開幕投手を務める巨人先発の菅野智之投手(25)が、本番前ラストの登板に臨んだ。先頭の西川を149キロで振り遅れさせ、2者連続の空振り三振で立ち上がった。直球の球威、フォークボールの落差は十分にあり、降板した3回までに4個の三振を奪った。打者16人に対し、初球ストライクが12人。ここまではいつもの菅野だった。
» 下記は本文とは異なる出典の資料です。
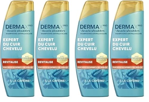 DermaXPro by Head & Shoulders Revitalise Shampoing Antipelliculaire 2x250ml à la Caféine et Complexe de Céramides, Hydrate le Cuir Chevelu Sec et les Cheveux Fins, Aide à Renforcer la Barrière Cutanée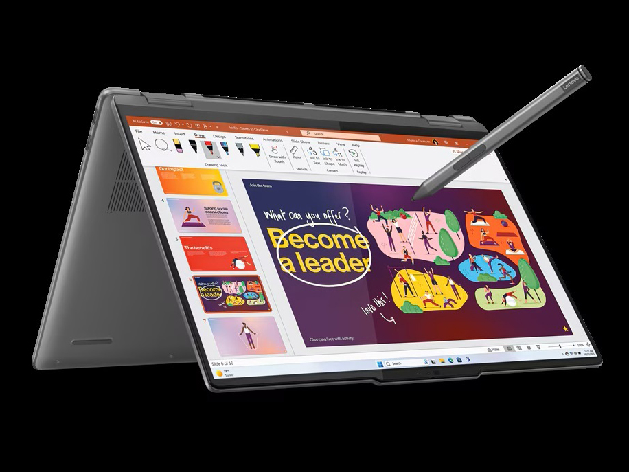 EN→DEA 16-inch laptop is a desktop-PC alternative (commonly called a desktop replacement) by definition, so we've always been bemused by 16-inch convertibles: They're too bulky and heavy for use as tablets, so they spend most of their time in laptop mode, perhaps occasionally propped up for a presentation or folded flat on a desk for marking up a document with a stylus. Lenovo's Yoga 7i 16 Gen 9 (starts at $818.10; $899.99 as tested) is a big-screen 2-in-1 that updates last year's model with Intel's new Core Ultra silicon under the hood and Microsoft's new Copilot key on the keyboard. It's about as fine as an affordable large convertible gets, but it's more of a niche player than a mainstream option.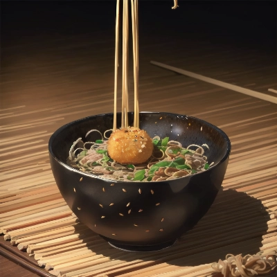 masterpiece, best quality, extremely detailed, anime, (1woman:1.5), solo, (holding chopstick:1.2), standing,BREAK,office worker, white shirt, black jacket, black pencil skirt,BREAK,beautiful detailed face and eyes, expressionless, black hair, short hair, forehead, glasses, black eyes,BREAK,(soba restaurant:1.5), (Soba in bowl:1.2), (bowl on wood table:1.2),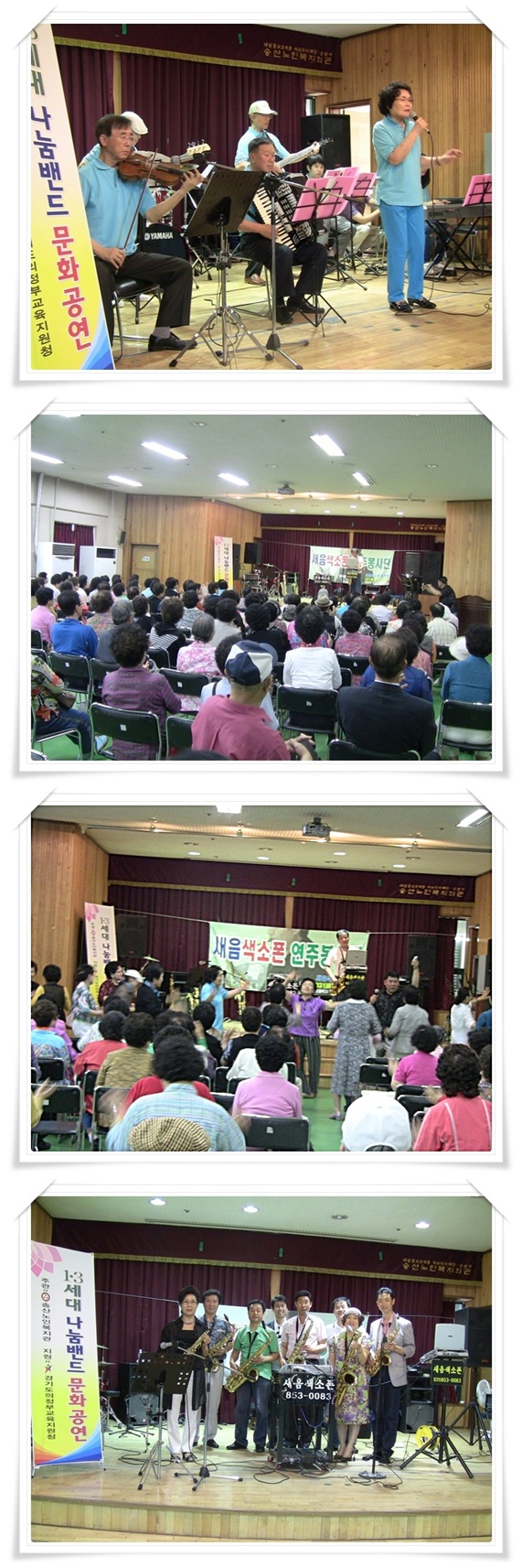 ■ 내 용 : 송산노인복지관 1·3세대나눔밴드단과 새음 색소폰 동호회가 연합하여 복지관어르신들에 신바람 나는 노래를 연주해 드렸습니다. 어르신들 모두 흥겹게 어깨를 들썩이며 즐거운 시간을 보냈습니다.

主導権を握りつつも、詰めに苦しんだ。直球がふけ上がる軌道。変化球は、特にベース板付近でカーブ、スライダーのひと曲がりが足りず、真ん中付近に集まった。2回2死満塁で田中。4球目の119キロ、続けたカーブが直前よりも浮いた。バットのヘッドが返った瞬間、一番打球の飛ぶポイントでミートされた。適時二塁打となり、失策も絡み4点を失った。「結果が出なかったことは残念です」としつつ、現状を「80%」と表現した。
菅野 スピードとしては本来に戻ったが、追い込んでからが反省点。ただ、感触としては悪くない。反省を踏まえ、開幕までの1週間を有効に使えるかが課題。3回で降板したのは予定通り。アクシデントではありません。
「気持ちが上がってくれば、体の状態も上がってくる。試合が近づけば上がってきます」と心配なしを強調した。直球の軌道と変化球の精度。「久しぶりで意見の食い違いもあった」とした、捕手小林との呼吸。残り20%を埋める1週間だ。